Monday, February 16, 2009

The customer is always right (...in the way of my social life)

Let me tell you a tale of two customer service experiences which reveal a lot about what is terribly right and terribly wrong with the razor sharp edge of all marketing where your front line meets your purchaser, the art of customer service.

The first was a wet market in Chow Kit where I have just started to buy food essentials on a regular basis. It was a little bit daunting at first the market is huge but it's extremely rewarding if you are prepared to dodge flying chicken parts and wade through puddles of animal's blood and other liquids.

Here I can get served by the guy who caught the fish, slaughtered the chickens and grew the chillies. In terms of his company, him and his family, he is the brand custodian, he knows his product, he can tell you where it came from and he can tell you quite a bit about it. Despite clearly getting up at a time on a Saturday morning when many of us are just getting to bed, he's relatively cheery. His prices, even though i am pretty sure I am getting a "special price", are still a lot cheaper than the fancier supermarkets.

Which brings me to the comparative experience.

If the market in Chow Kit sold coffee beans, decent olive oils and poncy tomatoes dried to about five different stages then I'd have no need to go to a more conventional supermarket at all, particularly the sort set up to separate foreigners, who suffer from occasional culinary home sickness, from their money.

I do once a week have to visit a particularly fancy supermarket in the Pavilion and on Saturday I found myself in this very supermarket and with a basket full of over priced items approached a check out.

This and not the prices is always the worst part of a visit to this particular supermarket. Often when you approach there are one but usually two very young staff clearly making plans for the rest of the weekend, none of which involve running your grocery items through their check out.

If they do break up their conversations long enough to provide some customer service, it is only to lazily push things across the scanner whilst getting involved in conversations going on several checkouts away where, like myself, there are more frustrated customers helpless to do anything but wait until the misery ends and they are out of the store.

Instead of providing a welcoming environment, which makes you want to linger and therefore help the store's owners with their ultimate goal of shifting inventory, makes you feel like you are an un-invited, over-aged and therefore somewhat creepy guest at a teenager's birthday party.

I'm fine with this vibe in a clothing shop, because it's a great indicator I am too old to be shopping there, and I am ok with this in a music shop, I can even tolerate a certain amount of it in an Apple store as long as the young staff know at least as much as I do about the products and preferably more - but in a place where I buy bread - no thanks.

Don't get me wrong I used to have part time jobs when to put myself through university myself and spent a bright shining year as a pizza maker where I was every bit not there as these guys, however I had a boss who'd kick us up the proverbial if we ever misbehaved in front of, or disrespected, customers.

The final straw on this particular visit on Saturday and I have to say most visits to this supermarket are very, very similar, was when my cashier and his cheer squad managed to ring up something wrong with my bill and had no idea how to undo it. What ensued was an argument about who would go and get the manager that went on for several minutes and left me asking "aren't there any adults that work here".

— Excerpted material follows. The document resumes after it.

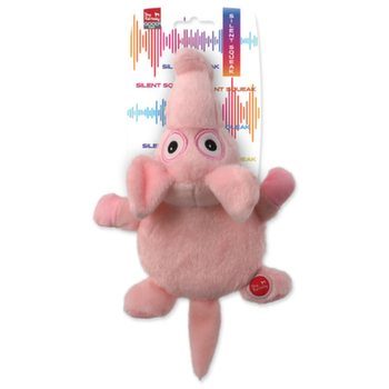 Plyšová hračka ve tvaru zvířátka s tichým pískáním. Barva: růžová, Materiál: Plyšové

Of course my reply was a shrug from my server and his cheerleaders and after several more minutes, during which absolutely nothing happened I grabbed my credit card and said "you know what I'll come back another time". The reply was a giggle.

So the store loses a customer, one who buys something at least once a week and I tell everyone I know, and no one ever even hears about it and the customer service staff really don't care and there in lies the problem.

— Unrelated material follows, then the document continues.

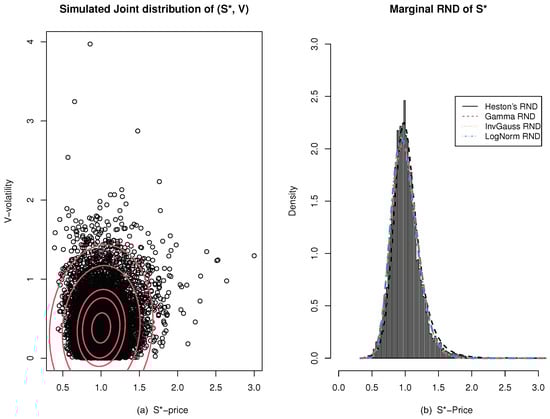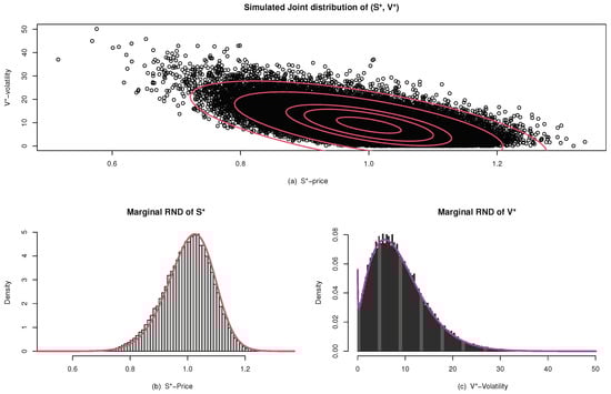To illustrate this relation, we draw 10,000 simulated pairs with a standardized spot price and volatility, according to the SV model in (1) as described above, with (arbitrarily chosen) and and with , , , and . Their joint distribution is presented in Figure 1a, where we have superimposed the matching 16%, 50%, 68%, 95%, and 99.5% contour lines. In Figure 1b, we present a histogram of the simulated marginal distribution of the spot price , along with the theoretical Heston’s RND calculated using (A5). In Figure 1c, we display a histogram of the simulated marginal distribution of the standardized volatility , along with the theoretical chi-squared density curve, according to (27).

The marketing department may be pretty busy tying up partnerships, running campaigns both in-store and external, managing the extremely complex art of in store marketing and point of sale for numerous brands, but it never hears that a lot of the good work it does is undone by transient part-time staff who really have no association with brand or even know they are representing one.

It certainly isn't a unique Malaysia issue. Down South the problem there as well but shows itself in a different way (yes even in the service culture of Singapore). Five people will over-enthusiastically yell "good morning" as you walk into a store which is nice, but then really don't know enough about what they are selling or have the communications skills to carry through on the initial promise.

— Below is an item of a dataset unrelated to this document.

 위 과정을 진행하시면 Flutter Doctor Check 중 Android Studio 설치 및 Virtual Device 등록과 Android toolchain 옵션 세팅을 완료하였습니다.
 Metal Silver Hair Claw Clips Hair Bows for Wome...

Lets cut back to the stall owner in the wet market, he can tell you anything you want to know, he isn't sitting texting on his phone or talking to his other stall buddies or watching what is going on three stalls over while you are asking when and where the prawns were caught.

He might not have a fancy orange uniform or take credit cards but he's living his brand because he knows his brand and he knows there are 40 other guys who could just as easily take my money.

You'd be surprised how many marketers are talking about a return to values and understanding customers on a more personal level as part of their survival strategy.

I say bring it on.

3 comments:

Anonymous said...

You've just described the all too familiar frustrations of dealing with frontliners in Malaysia, but done it with such good humour and insight. Great stuff.

TK said...

Haha thanks for the comment.

Anonymous said...

There's a company out there helping their clients to brand the customer experience from the inside out and to make sure the brand gets represented well at all touchpoints, especially the ones between brand and consumer.